I marvel at many natural phenomena, but none so much as our ability to learn and to adapt our behavior from our learning. We learn lessons even from our bad experiences — in fact, especially from our bad experiences — and those lessons get cranked into our knowledge base for future use (albeit sometimes at enormous human cost).
For example: in 2004, NASA's Genesis space probe crashed in the Utah desert, shattering and contaminating its solar-particle collection plates. Years of expensive work was ruined. Yesterday, however, NASA's Stardust probe landed safely after visiting a comet and collecting particles that may be older than the sun. The mission project manager says the earlier Genesis failure turned out to be a blessing for the Stardust probe:
A spacecraft that could be a time capsule carrying the history of the solar system made a predawn landing in a muddy Utah desert yesterday, completing a seven-year journey of almost three billion miles with a fiery, pinpoint descent to Earth. * * *
Mr. Duxbury said the [disastrous earlier] Genesis experience was "a blessing" for the latest mission because it forced the team to re-examine everything about the Stardust's design and testing, and draft strategies for dealing with a possible mishap.
"We take our hats off to Genesis for making us much, much smarter," he said.

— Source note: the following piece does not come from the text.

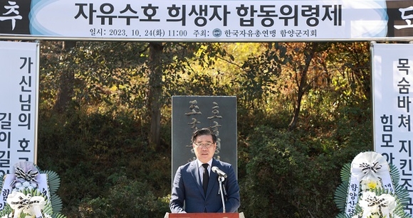 진병영 군수는 추도사를 통해 “오늘 합동위령제가 자유수호와 호국정신의 중요성을 되새기는 계기가 되는 뜻깊은 자리가 되기를 바란다”며, 자유와 평화를 위해 목숨을 바치신 선열들과 한국자유총연맹 관계자들에게 감사를 표했다.
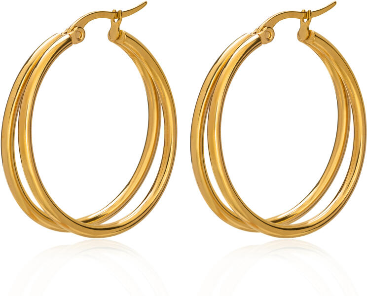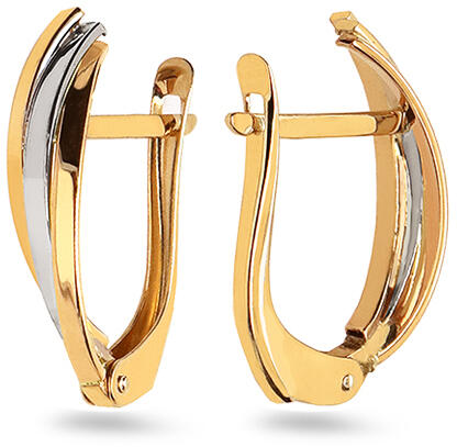 Elegáns fülbevaló, amelyet három finom, lekerekített vonal alkot. A sárga arany vonalakat egy fehér árnyalatú vonal egészíti ki, a ródiumkezelésnek köszönhetően. Az arany magasfokú polírozásával végzett felületi kezelés a fülbevalónak ragyogó külsőt kölcsönöz. Az angol patentos zár biztosítja Önnek a kényelmes és biztonságos viselést.

Link: Capsule Carrying Interstellar Samples Lands Safely - New York Times.
We humans, of course, aren't the only creatures who have this wonderous ability to learn and to adapt. Today's Washington Post reports that not only do ants learn, they also appear to teach others. Wow.
You don't have to be a creationist to wonder whether creatures' ability to learn might be the result of divine action of some kind somewhere along the line.
I wonder how the billions of dollars the gov. spent on all this wonderful searching of space is going to help those poor kids that starved to death yesterday. I am looking forward to their explanition to Jesus when they stand before Him.